Мы шли здесь совершенно беззаботно и, проголодавшись, решились постучаться в одну избу.
Опять, как и везде, слегка приотворилась форточка в окне. В нее выглянула женщина лет сорока пяти, а из-за ее спины — белокурые головки трех или четырех детей.
— Дай щец горяченьких похлебать, озябли больно! Заплатим пятачок!
Пятачок в то время считался в деревнях за серьезные деньги.
— Да нет мужиков-то в доме, — ушли молотить! А одной-то боязно вас впустить.
— Чего боязно? Не съедим, — ответил Союзов, смеясь. — Да, кроме того, за спиной-то у тебя вон какое воинство!
И он показал на ребятишек.
— Ну да, уж войдите, пожалуй! — сказала она, и мы, крестясь по всем правилам, двумя перстами на иконы, вошли в избу, чинно поклонились иконам, ей, а затем и на все четыре стороны, хотя там никого не было. Но мы уже знали, что так полагалось по деревенскому ритуалу приличий.
Раздевшись и оставив в углу на лавке свою амуницию, мы сели у стола.
— Куда идете? — спросила она, вытаскивая для нас ухватом горшок с горячими дымящимися щами.
— А в Кострому! — ответил Союзов. — Лес валить.
Желая избежать дальнейших расспросов, которые, как я знал, сейчас же начнутся о всем, что нас касается, я решил сам перейти в наступление и перевести ее желание поболтать на другую почву.
— А что, правда ли мы слышали в Вятском, что тут у вас где-то барин завелся, который народу книжки какие-то читал!
Она вся просияла от желания поскорее рассказать нам подробно все.
— Как же, как же! Был такой барин, и много других таких же приходило. Хотели, вишь ты, царя извести за то, что народу волю дал, за все, что отобрал, значит, у господ крепостных. Уж и чего только не придумали они, чтоб народ соблазнить! Книжки даром раздавали. А книжки-то, вишь ты, все заколдованные.
— Что ты говоришь! — воскликнул Союзов. — Разве могут быть заколдованные книги?
— Могут! Читает их, читает, кто умеет, — а я, слава богу, неграмотная, безопасна, — и все, как будто ничего, выходит хорошо, да вдруг на заколдованное-то слово и наткнется. А оно черное, черное слово. Тут только его черноту и увидишь, как прочтешь, ан уж поздно! Кто прочитал невзначай, тот уж и отдался тем колдовцам и душой, и телом. Нет уж у него воли. Что скажут ему, то и сделает! Вишь, хитрые какие! А кто грамоте не умеет, на тех зеркала волшебные наводили. Нарочно гулянья у себя в усадьбе-то по воскресеньям устроили, качели всякие. Приходите, мол, люди добрые, веселитесь! И много народу ходило. А зеркальщики-то замешаются меж ними с зеркалами-то своими, да и дают посмотреть тому да другому как будто для веселья. А кто себя в зеркале-то том увидит, тот им опять отдается душой и телом! Ведут его в дом и там на левую руку ему антихристову печать черную накладывают. И сколько народу христианского перегубили таким способом, просто и сказать нельзя!

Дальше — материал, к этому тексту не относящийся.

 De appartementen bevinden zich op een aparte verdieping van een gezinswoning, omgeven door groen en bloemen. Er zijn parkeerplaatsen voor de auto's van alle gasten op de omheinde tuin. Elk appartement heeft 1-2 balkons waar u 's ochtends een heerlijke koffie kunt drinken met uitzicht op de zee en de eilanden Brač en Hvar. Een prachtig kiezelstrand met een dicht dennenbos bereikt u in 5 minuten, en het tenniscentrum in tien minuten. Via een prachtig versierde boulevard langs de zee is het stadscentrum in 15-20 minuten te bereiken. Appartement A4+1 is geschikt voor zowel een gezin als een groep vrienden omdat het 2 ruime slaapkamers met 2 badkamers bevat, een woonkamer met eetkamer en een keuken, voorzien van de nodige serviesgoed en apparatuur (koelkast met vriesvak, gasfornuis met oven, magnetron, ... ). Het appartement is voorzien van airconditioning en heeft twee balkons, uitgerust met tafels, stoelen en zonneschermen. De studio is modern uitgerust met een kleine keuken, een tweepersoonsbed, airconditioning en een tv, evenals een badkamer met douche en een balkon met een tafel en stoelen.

Я так весь и навострился, с жадностью слушая каждое ее слово как своеобразное преломление наших высоких общественных идеалов в первобытном, неразвитом мозгу, но Союзов, смотревший на дело проще, не вытерпел и возмутился.
— Да что ты, тетка, зря говоришь! Какие тут печати!

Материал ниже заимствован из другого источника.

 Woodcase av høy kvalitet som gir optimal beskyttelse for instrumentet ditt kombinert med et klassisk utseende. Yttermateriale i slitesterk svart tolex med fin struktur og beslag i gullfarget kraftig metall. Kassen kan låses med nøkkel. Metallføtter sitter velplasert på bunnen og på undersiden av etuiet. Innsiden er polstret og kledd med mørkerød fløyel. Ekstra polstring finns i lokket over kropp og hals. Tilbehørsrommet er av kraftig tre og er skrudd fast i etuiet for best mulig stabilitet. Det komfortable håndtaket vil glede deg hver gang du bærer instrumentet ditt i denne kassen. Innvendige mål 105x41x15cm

— Сама, сама видела! Собственными глазами! Вот те крест святой!
И она перекрестилась истово трижды, очевидно, искренне считая призрак своего воображения за действительность, по правилу: так должно быть, значит, так и есть! А следовательно, можно и побожиться в справедливости сказанного.
И сколько раз потом я видел применение этого же самого метода при современных характеристиках одного человека другим.
— А о том, что эти бары хотели восстановить крепостное право, от кого ты слышала? — прервал я ее божбу.
— А это уж совсем верно! От самого начальства, что следствие ведет, все кругом знают.
Мне стало совсем интересно. Вот, думалось, как поворачивается дело. Начальство, желая скомпрометировать нас в глазах народа, на самом деле восстанавливает крестьян против помещиков! Мы полгода назад отказали Войнаральскому в фосфоре для поджога помещичьего леса, а теперь администрация сама невидимо подбрасывает фосфор, выставляя помещиков злоумышляющими против освобождения крестьян! А когда пойдут поджоги, та же администрация, верно, будет кивать на нас, и большинство помещиков сдуру поверит. А потом, может быть, многие из сочувствующей нам юной молодежи, думая, что это-то и есть наши идеалы, пойдут, пожалуй, помогать крестьянам в начавшемся аграрном терроре! И никто не разберет, кто кого дерет!
Но следует ли из этого, что мы сейчас же должны ударить отбой? Конечно, нет! Ведь тогда из-за лгунов и клеветников нельзя начать никакого хорошего общественного дела!
— А как, однако, разгорелся уже пожар в этой местности! — сказал я Союзову, распрощавшись с простодушной и доверчивой женщиной. — Ведь если б начальство нас не тронуло здесь, то о нас знали бы десятка два-три человек, и никто не придавал бы нам значения, а теперь взволнован весь уезд!
— Совсем как в басне «Пустынник и медведь», — сказал Союзов, лишь недавно прочитавший Крылова. — Ведь помещикам-то они таким своим объяснением совсем размозжили голову!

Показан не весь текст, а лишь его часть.